As somebody who shares my home with a cat, I was fascinated and a little bemused by this article in yesterday's Independent. The paper reports on the conclusions of biologist and animal behaviour expert, Dr John Bradshaw, the author of Cat Sense.

He has suggested that domesticated cats perceive their human companions as less of a parental figure and much more as a larger, non-hostile fellow cat:

In Cat Sense, Dr Bradshaw concludes that cats evolved as solitary hunters and still don’t quite 'get us' the way dogs do - and perhaps never will.

In effect, he says, cats are still fundamentally wild animals despite years of domestication. In the book, he explains: "the transformation of the cat from resident exterminator to companion cohabiter is both recent and rapid, and—especially from the cat’s perspective—evidently incomplete."

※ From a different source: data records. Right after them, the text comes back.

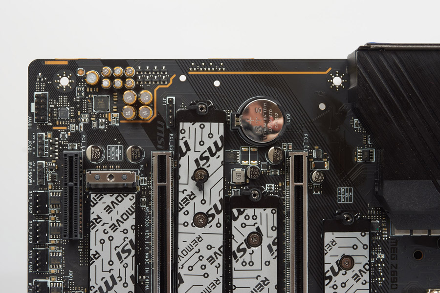 Охлаждение чипсета — это цельный радиатор с ребрами, который контактирует с кристаллом Z690 через термопрокладку. Фиксация винтами по диагонали, установлены резиновые подкладки для снижения риска скола кристалла.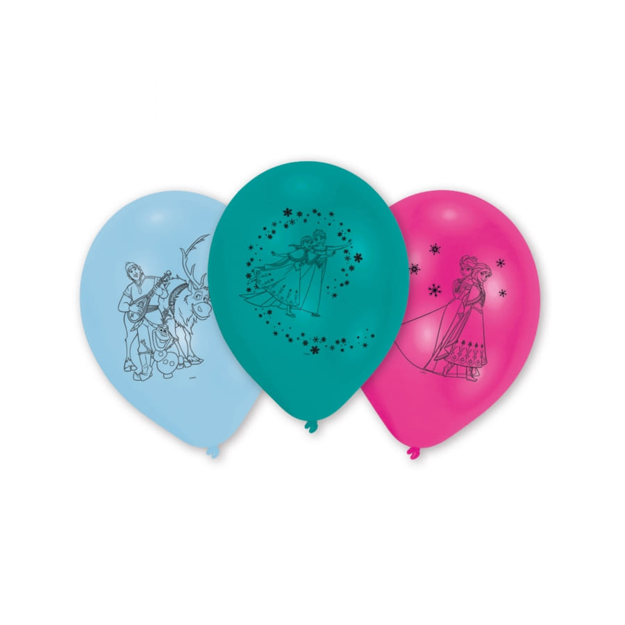 Les ballons présentent chacun des personnages du film Disney La Reine des Neiges imprimés en noir.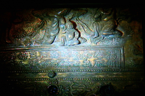 圖:南京大報恩寺遺址地宮發現的神秘鐵函內的鎏金七寶阿育王塔二十二日成功被請出鐵函,驚世亮相。這是中國目前發現的最大鎏金七寶阿育王塔,據信塔中珍藏有金棺銀椁及舍利等驚世聖物。圖為塔身文字和圖案 (中通社)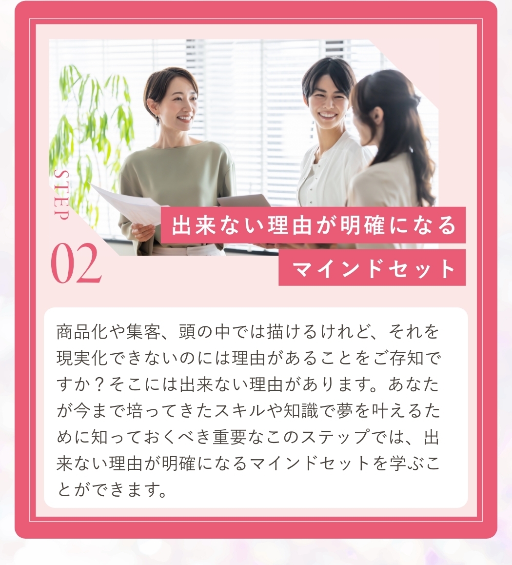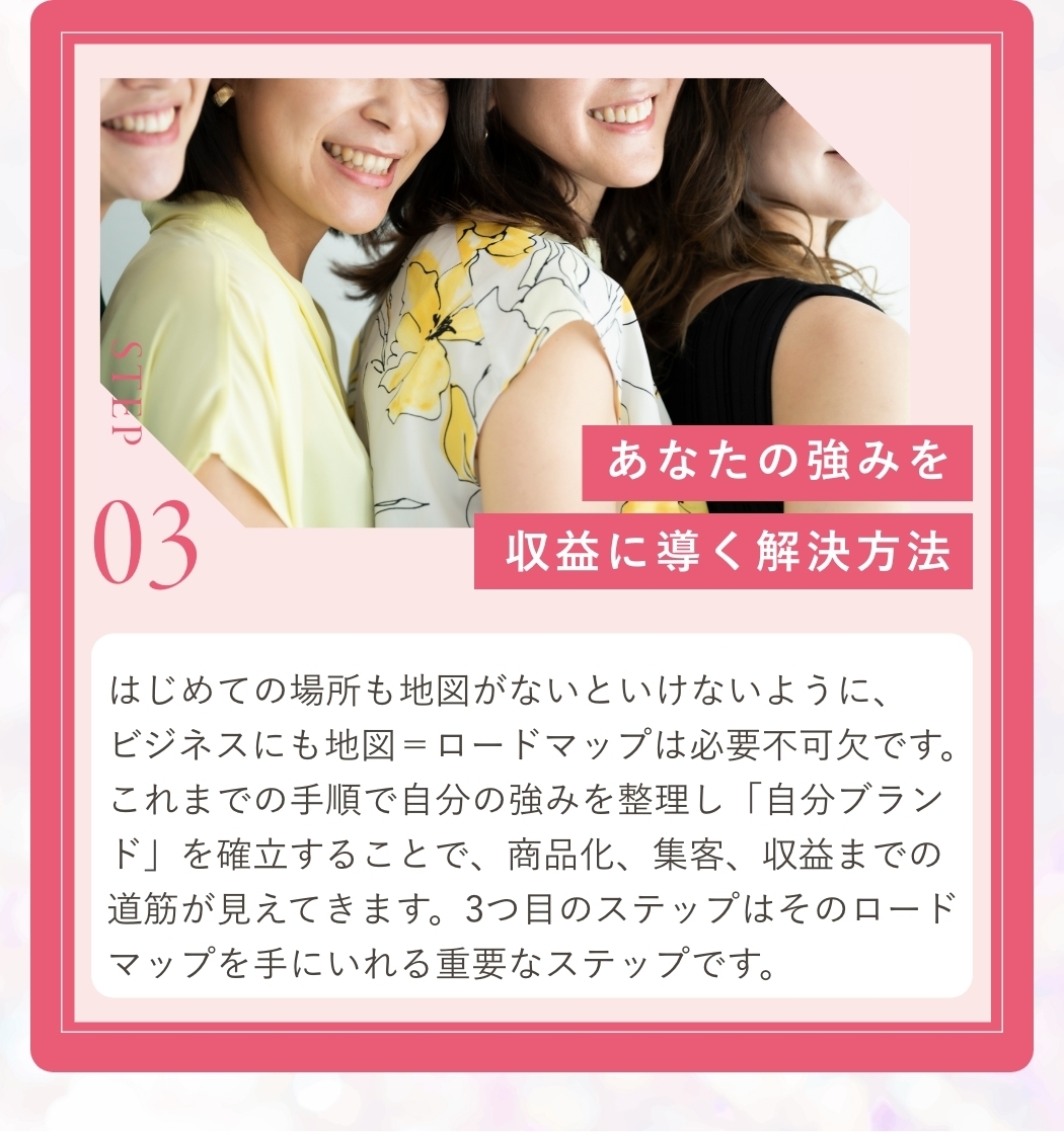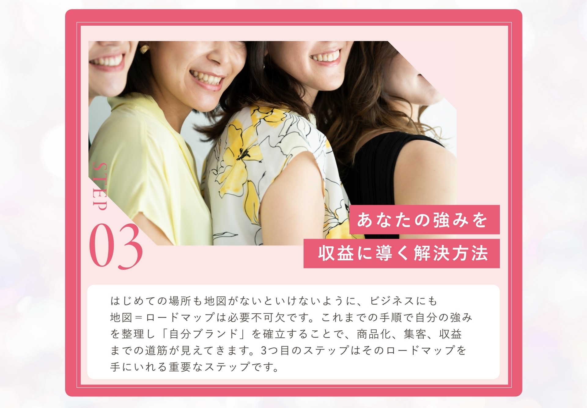その経験を活かし、『女性が輝くビジネス』をサポートすることで、稼げる女性リーダーを増やすために、この講座を立ち上げた。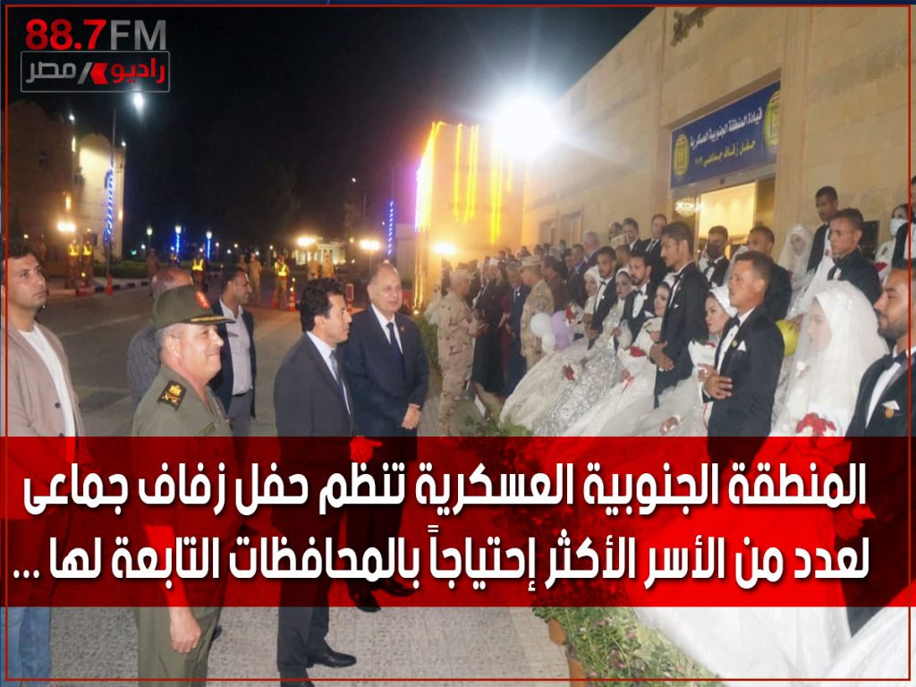 فى إطار حرص القيادة العامة للقوات المسلحة على دعم المجتمع المدنى ومساندة الأسر الأكثر إحتياجاً نظمت المنطقة الجنوبية العسكرية بالتعاون مع عدد من رجال الأعمال وبعض مؤسسات المجتمع المدنى حفل زفاف جماعى لعدد (110) شاب وفتاة على الملعب المكشوف بقيادة المنطقة الجنوبية العسكرية .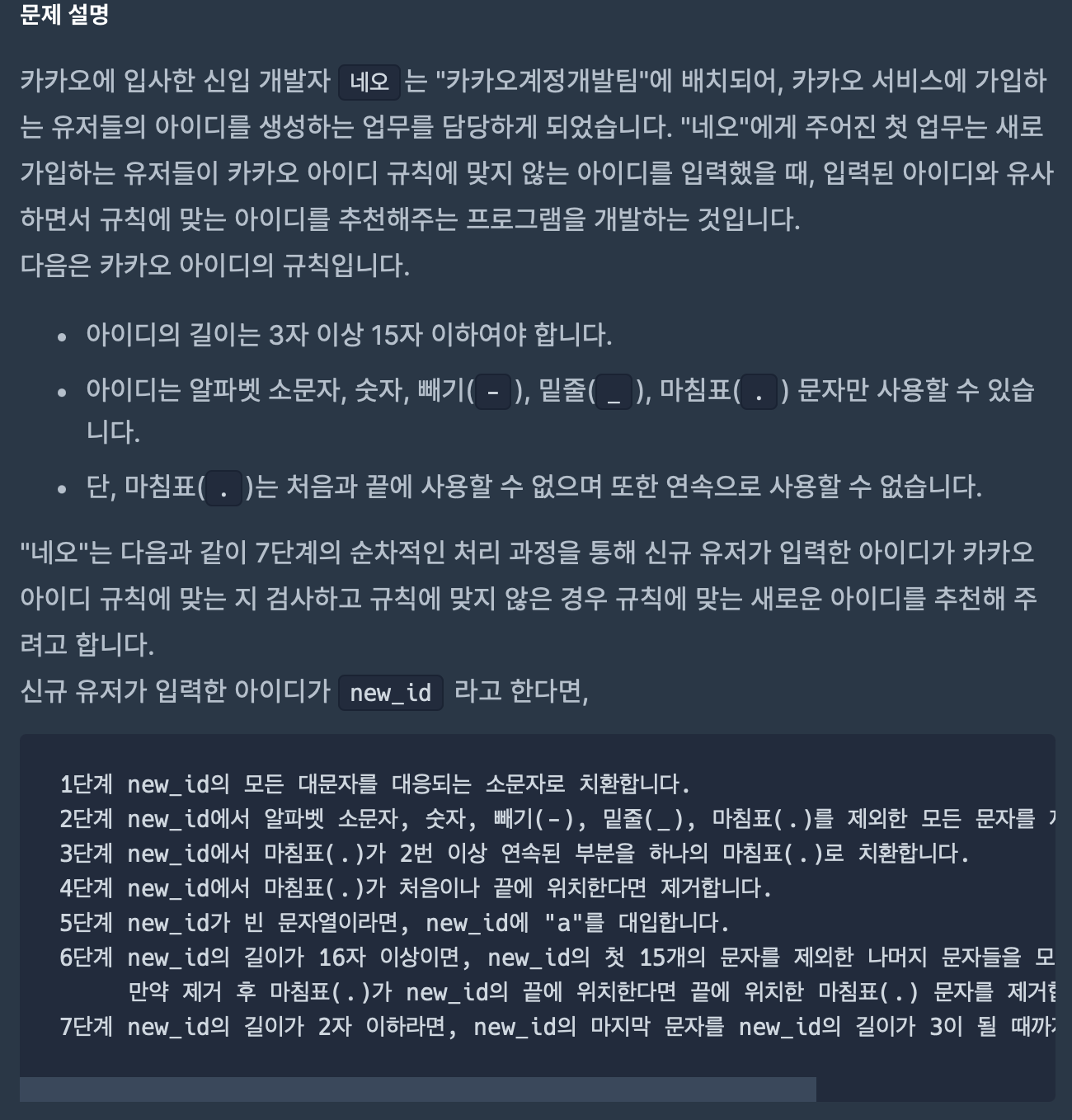 // 만약 제거 후 마침표(.)가 new_id의 끝에 위치한다면 끝에 위치한 마침표(.) 문자를 제거합니다.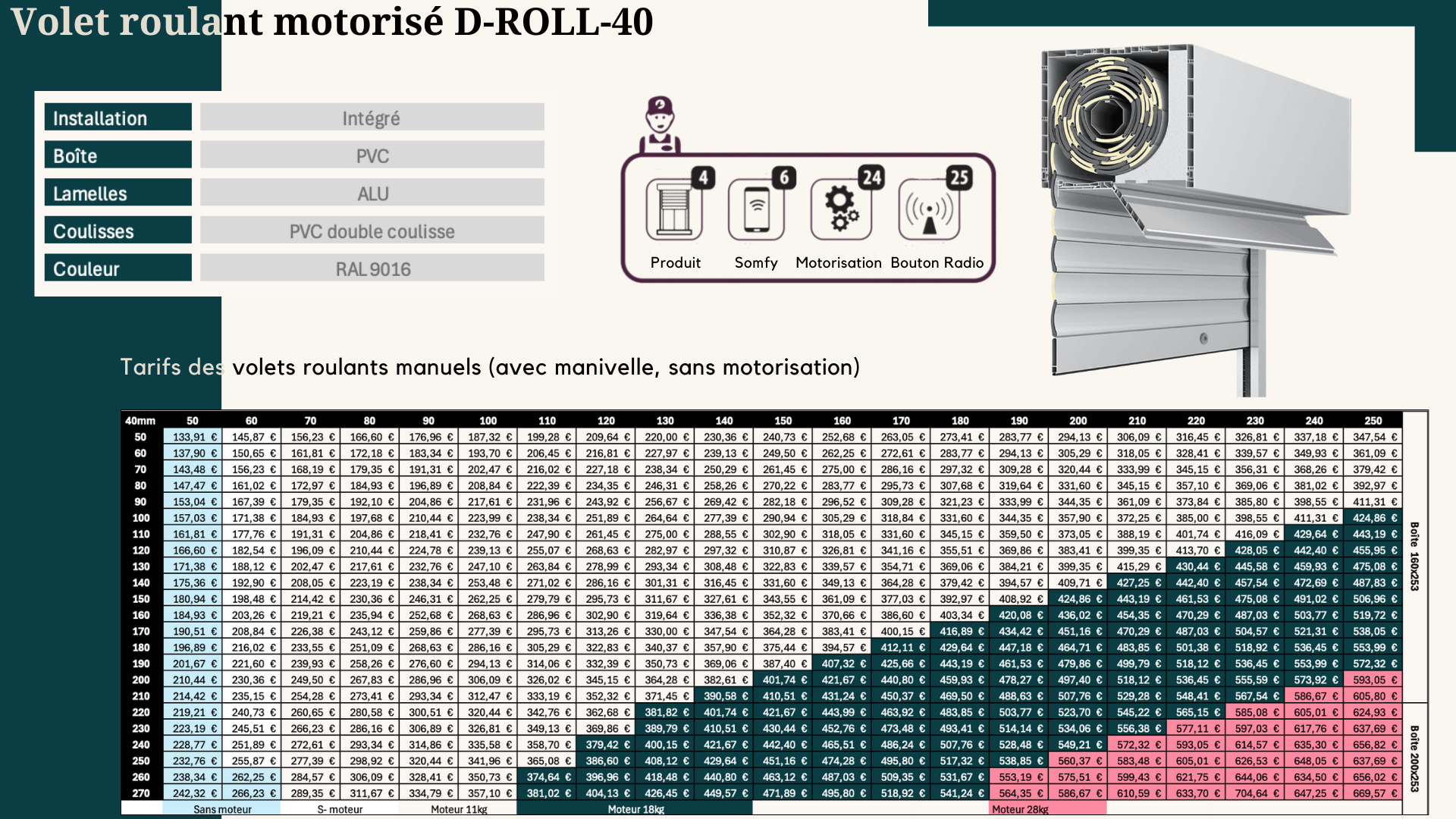 | Libellé | Volet roulant motorisé D-ROLL-40 RAL 9016 Solus - Filaire (L.: 2000 mm x H.: 2150 mm) |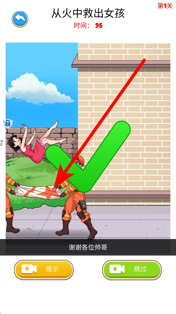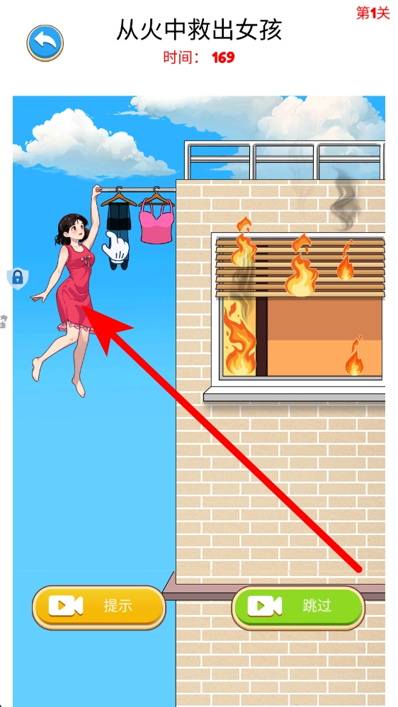 持续进行操作,直至消防救援目标女孩被成功解救,此时会弹出通关提示,说明该关卡已顺利完成,玩家可继续挑战后续关卡。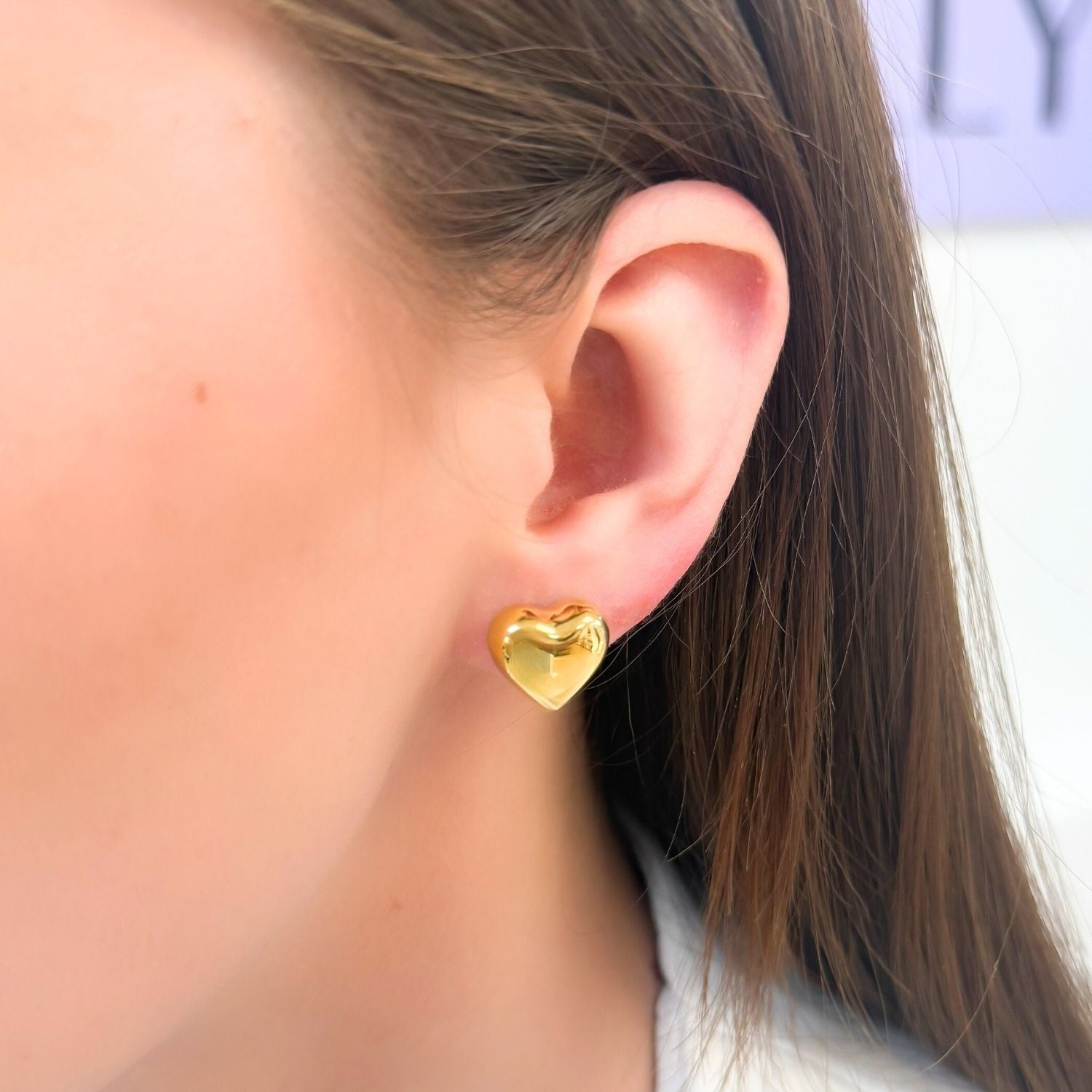 Cercei Placati cu Aur 14k Inima 3D

According to Dr Bradshaw, when cats rub up against their owners or invite them to stroke their head, they are in fact treating them as fellow non-hostile cats.

An upright tale is a greeting sign between cats, he adds, and is also a way of cats demonstrating their affection for their owners.

And when cats bring their prey into their owner's houses, it is a side effect of their hunting strategy - not because they want to bestow a gift upon the household. Once inside the house, cats remember they prefer tinned food which is why the rodent dead is then left on the floor.

I am not sure I really wanted to know all of that actually.